WELCOME to TRUTH ... not TASERS

You may have arrived here via a direct link to a specific post. To see the most recent posts, click HERE.

Thursday, March 04, 2010

New review body will monitor RCMP

March 4, 2010
Janice Tibbetts, Canwest News

OTTAWA — The Harper government is going ahead with a longstanding promise to create a new independent commission to keep an eye on the RCMP, committing money in this year's budget to establish a strengthened review body.

Without providing details on how the new commission will operate, the government said it would spend $8 million over the next two years on the organization, which it promised will "enhance independent review of RCMP actions."

The existing RCMP public complaints commission has been repeatedly decried as a toothless body that depends on the force's voluntary co-operation for its investigations and has no power to probe whether the force is overstepping its power involving national security and organized crime.

Several reports and advocates have called for the creation of a new oversight body and the government has often stated it was awaiting the pending inquiry report on the 1985 Air India bombing.

"The creation of a new civilian independent complaints commission for the RCMP will contribute to the overall reform and modernization efforts underway at the RCMP," the budget document said.

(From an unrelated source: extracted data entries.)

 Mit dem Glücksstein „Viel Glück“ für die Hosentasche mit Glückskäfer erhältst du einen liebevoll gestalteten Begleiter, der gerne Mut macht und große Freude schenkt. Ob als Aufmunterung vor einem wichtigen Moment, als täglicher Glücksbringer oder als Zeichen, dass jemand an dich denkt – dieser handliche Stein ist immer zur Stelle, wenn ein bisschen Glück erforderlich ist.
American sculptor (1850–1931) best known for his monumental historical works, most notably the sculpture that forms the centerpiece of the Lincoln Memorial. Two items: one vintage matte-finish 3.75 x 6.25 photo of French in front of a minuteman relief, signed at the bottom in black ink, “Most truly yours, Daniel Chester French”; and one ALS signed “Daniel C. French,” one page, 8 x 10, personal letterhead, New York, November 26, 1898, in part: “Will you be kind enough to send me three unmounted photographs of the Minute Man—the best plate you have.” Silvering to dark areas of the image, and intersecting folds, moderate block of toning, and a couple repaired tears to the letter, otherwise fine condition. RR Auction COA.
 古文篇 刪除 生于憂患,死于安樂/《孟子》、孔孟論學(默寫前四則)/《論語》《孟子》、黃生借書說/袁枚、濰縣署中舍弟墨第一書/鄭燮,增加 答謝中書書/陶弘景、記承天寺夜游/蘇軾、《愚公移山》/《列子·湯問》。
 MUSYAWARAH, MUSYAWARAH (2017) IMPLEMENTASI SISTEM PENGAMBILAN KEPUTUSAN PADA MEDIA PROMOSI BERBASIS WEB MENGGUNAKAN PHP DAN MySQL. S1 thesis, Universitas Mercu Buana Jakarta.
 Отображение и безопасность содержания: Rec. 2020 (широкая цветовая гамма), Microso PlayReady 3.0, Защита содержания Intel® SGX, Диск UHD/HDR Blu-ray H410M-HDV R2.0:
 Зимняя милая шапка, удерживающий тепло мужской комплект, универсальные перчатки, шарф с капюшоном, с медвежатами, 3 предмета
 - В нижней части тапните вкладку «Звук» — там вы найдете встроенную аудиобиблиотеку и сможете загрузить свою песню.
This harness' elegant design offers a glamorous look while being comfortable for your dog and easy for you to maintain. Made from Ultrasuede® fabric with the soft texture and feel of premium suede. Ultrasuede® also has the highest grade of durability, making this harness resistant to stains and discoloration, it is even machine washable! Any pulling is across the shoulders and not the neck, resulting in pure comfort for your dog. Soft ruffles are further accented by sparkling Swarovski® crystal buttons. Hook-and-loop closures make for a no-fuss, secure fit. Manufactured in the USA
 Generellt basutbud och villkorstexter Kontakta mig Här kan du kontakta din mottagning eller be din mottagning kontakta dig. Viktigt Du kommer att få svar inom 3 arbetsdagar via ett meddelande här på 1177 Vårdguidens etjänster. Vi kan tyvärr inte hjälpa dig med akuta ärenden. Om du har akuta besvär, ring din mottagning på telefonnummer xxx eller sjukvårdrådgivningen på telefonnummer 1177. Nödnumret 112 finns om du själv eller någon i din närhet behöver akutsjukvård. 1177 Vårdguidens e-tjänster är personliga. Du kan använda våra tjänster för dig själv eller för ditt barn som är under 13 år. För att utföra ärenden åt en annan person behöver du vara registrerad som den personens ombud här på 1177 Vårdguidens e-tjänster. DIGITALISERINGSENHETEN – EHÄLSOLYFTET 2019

The Mounties have been under intense public scrutiny in recent years, arising from their use of Taser stun guns, their involvement in the Maher Arar affair, and a pension scandal that rocked the upper echelons of the force, prompting a major federal review and modernization drive.

In December 2006, the judge who led the inquiry into Arar's deportation to Syria from the United States, after the RCMP passed on faulty intelligence to the Americans, recommended that the RCMP public complaints commission be revamped and given the power to review all national security activities by the RCMP.

Arar, a Syrian-Canadian, was put on a plane and sent to Damascus after being arrested during a stopover at a New York airport.

Paul Kennedy, the former head of the RCMP public complaints commission, has said that a stronger review body should have access to all RCMP files and be empowered to subpoena documents and compel people to testify.

The budget also owns the door to the possible privatization of the RCMP's Forensic Laboratories Services.